▶ [TASK TO CARRY OUT] Would you transcribe the records below from the line with "Novinkou vražda kocour" to the line with "前往哈莫尔部落原始村庄。【哈", ends included, exactly and with nothing more, leaving the pictures out?

▶ [RECORDS SUPPLIED]
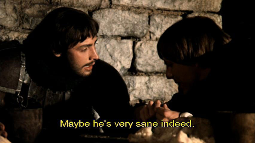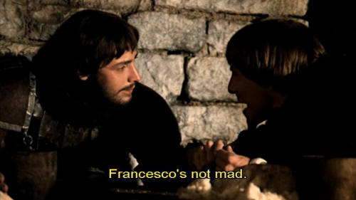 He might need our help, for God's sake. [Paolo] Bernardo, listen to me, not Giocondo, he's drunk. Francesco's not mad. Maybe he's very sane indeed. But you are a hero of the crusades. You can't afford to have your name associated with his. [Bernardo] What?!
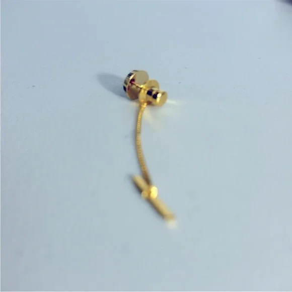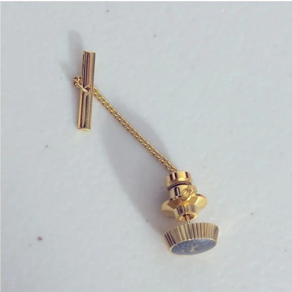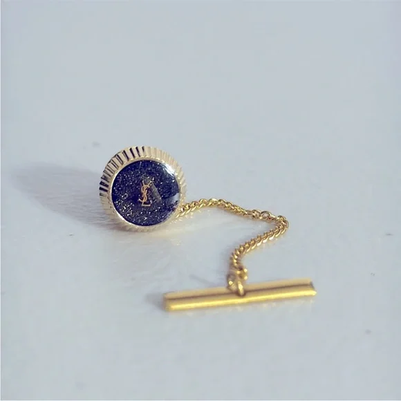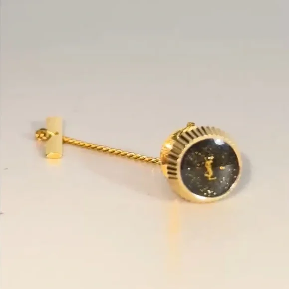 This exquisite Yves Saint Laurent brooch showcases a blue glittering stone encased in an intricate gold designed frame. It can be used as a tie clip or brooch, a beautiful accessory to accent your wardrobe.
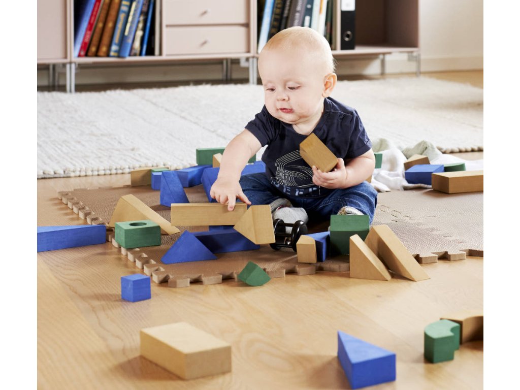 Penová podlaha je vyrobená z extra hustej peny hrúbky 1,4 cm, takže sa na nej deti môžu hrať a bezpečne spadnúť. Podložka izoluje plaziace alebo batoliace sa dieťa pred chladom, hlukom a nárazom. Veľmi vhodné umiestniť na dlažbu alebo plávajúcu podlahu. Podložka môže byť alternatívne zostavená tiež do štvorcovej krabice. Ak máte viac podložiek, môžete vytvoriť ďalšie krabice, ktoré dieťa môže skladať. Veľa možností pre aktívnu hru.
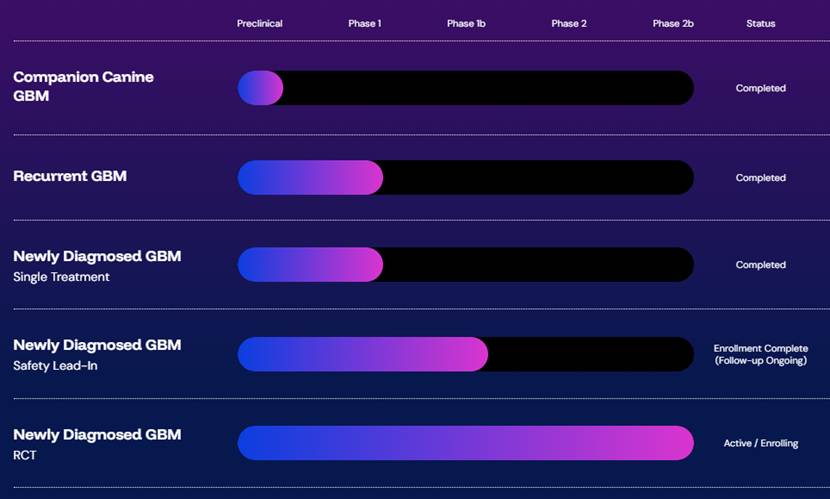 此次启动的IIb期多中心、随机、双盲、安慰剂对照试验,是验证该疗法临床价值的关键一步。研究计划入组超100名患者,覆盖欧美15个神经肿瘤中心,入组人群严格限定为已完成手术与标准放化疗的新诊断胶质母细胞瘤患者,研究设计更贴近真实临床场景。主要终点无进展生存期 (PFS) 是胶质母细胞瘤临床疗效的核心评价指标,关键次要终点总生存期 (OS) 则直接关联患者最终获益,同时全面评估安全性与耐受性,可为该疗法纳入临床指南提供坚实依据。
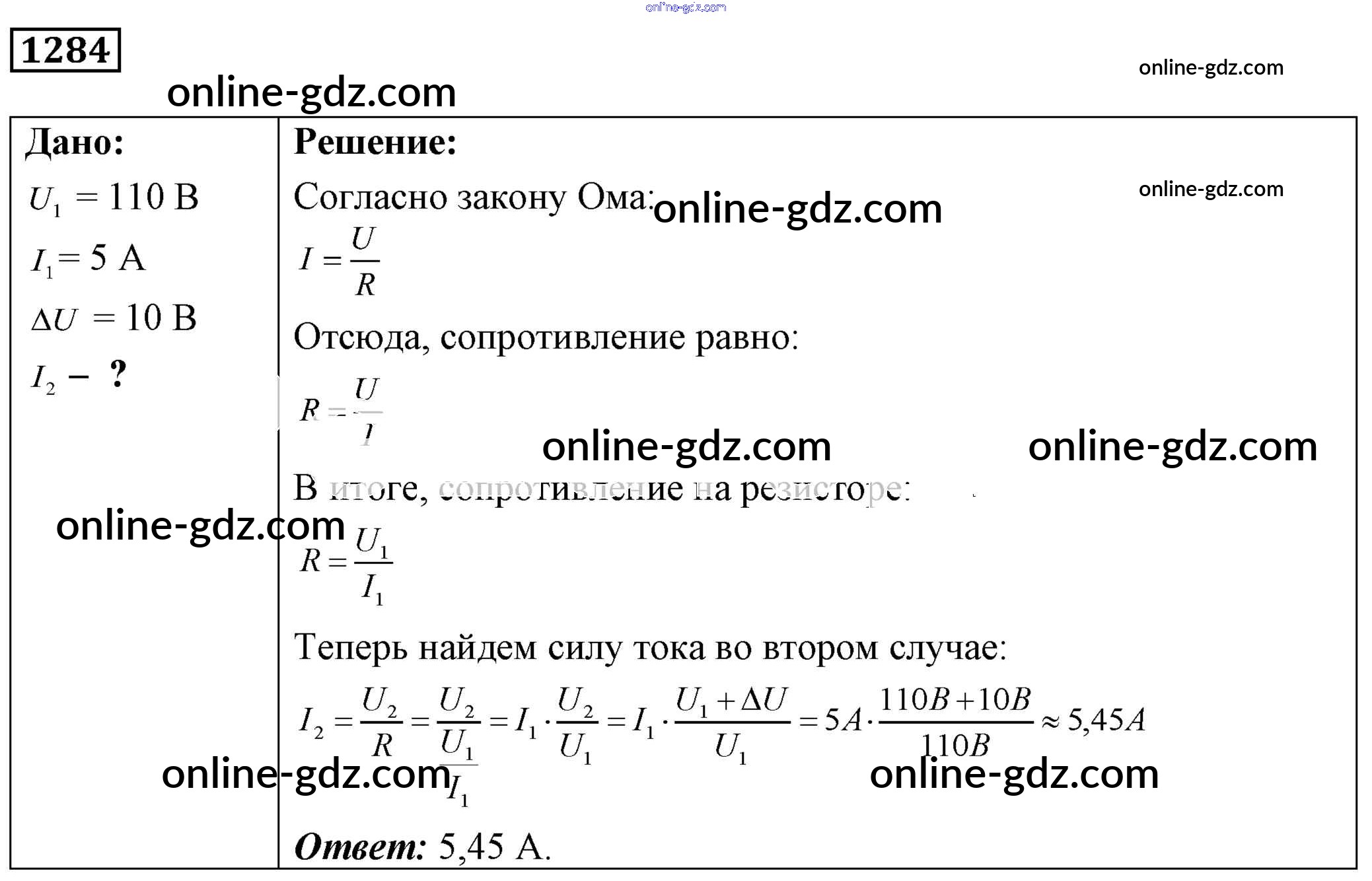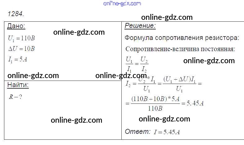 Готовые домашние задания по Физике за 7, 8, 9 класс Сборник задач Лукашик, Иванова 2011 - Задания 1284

* * *

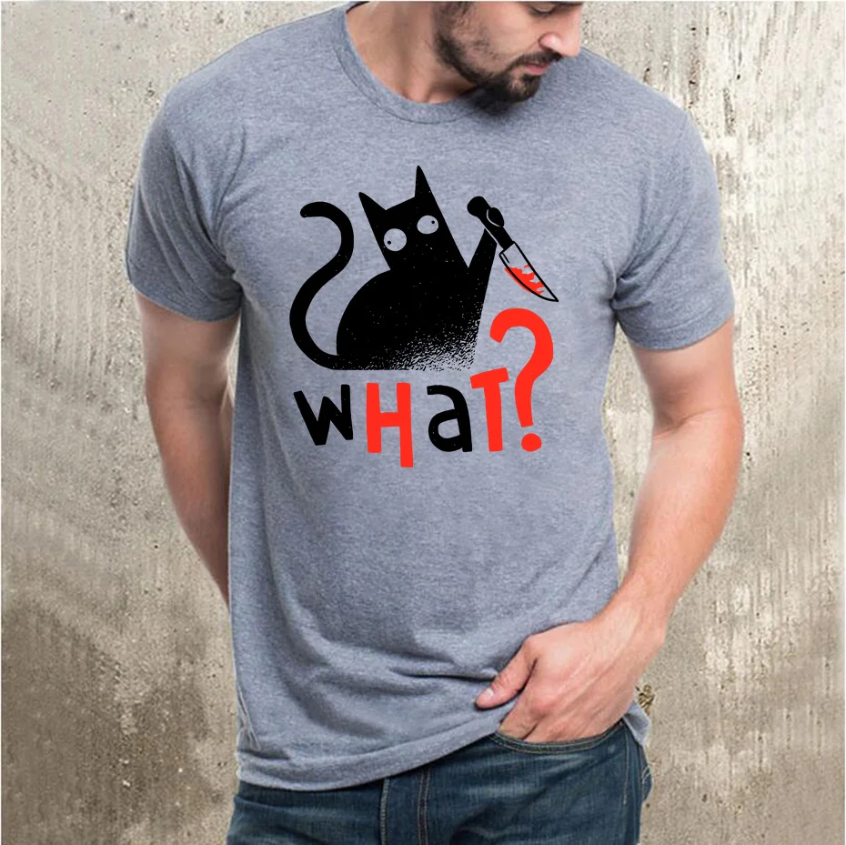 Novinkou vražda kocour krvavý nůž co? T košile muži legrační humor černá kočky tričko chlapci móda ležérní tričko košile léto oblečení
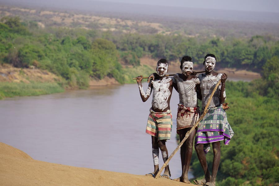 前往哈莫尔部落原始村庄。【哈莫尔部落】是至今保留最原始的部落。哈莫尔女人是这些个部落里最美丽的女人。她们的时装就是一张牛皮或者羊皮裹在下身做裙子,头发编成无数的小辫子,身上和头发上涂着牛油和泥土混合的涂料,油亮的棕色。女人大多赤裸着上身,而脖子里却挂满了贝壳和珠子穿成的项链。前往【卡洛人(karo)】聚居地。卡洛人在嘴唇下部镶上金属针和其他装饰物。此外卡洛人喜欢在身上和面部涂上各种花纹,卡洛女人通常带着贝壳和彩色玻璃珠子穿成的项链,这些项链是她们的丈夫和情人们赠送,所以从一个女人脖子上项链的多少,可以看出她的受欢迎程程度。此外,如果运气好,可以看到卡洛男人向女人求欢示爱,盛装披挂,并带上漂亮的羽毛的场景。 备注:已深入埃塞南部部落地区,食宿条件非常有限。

▶ [ANSWER TO THIS EXERCISE]
 Novinkou vražda kocour krvavý nůž co? T košile muži legrační humor černá kočky tričko chlapci móda ležérní tričko košile léto oblečení
 前往哈莫尔部落原始村庄。【哈莫尔部落】是至今保留最原始的部落。哈莫尔女人是这些个部落里最美丽的女人。她们的时装就是一张牛皮或者羊皮裹在下身做裙子,头发编成无数的小辫子,身上和头发上涂着牛油和泥土混合的涂料,油亮的棕色。女人大多赤裸着上身,而脖子里却挂满了贝壳和珠子穿成的项链。前往【卡洛人(karo)】聚居地。卡洛人在嘴唇下部镶上金属针和其他装饰物。此外卡洛人喜欢在身上和面部涂上各种花纹,卡洛女人通常带着贝壳和彩色玻璃珠子穿成的项链,这些项链是她们的丈夫和情人们赠送,所以从一个女人脖子上项链的多少,可以看出她的受欢迎程程度。此外,如果运气好,可以看到卡洛男人向女人求欢示爱,盛装披挂,并带上漂亮的羽毛的场景。 备注:已深入埃塞南部部落地区,食宿条件非常有限。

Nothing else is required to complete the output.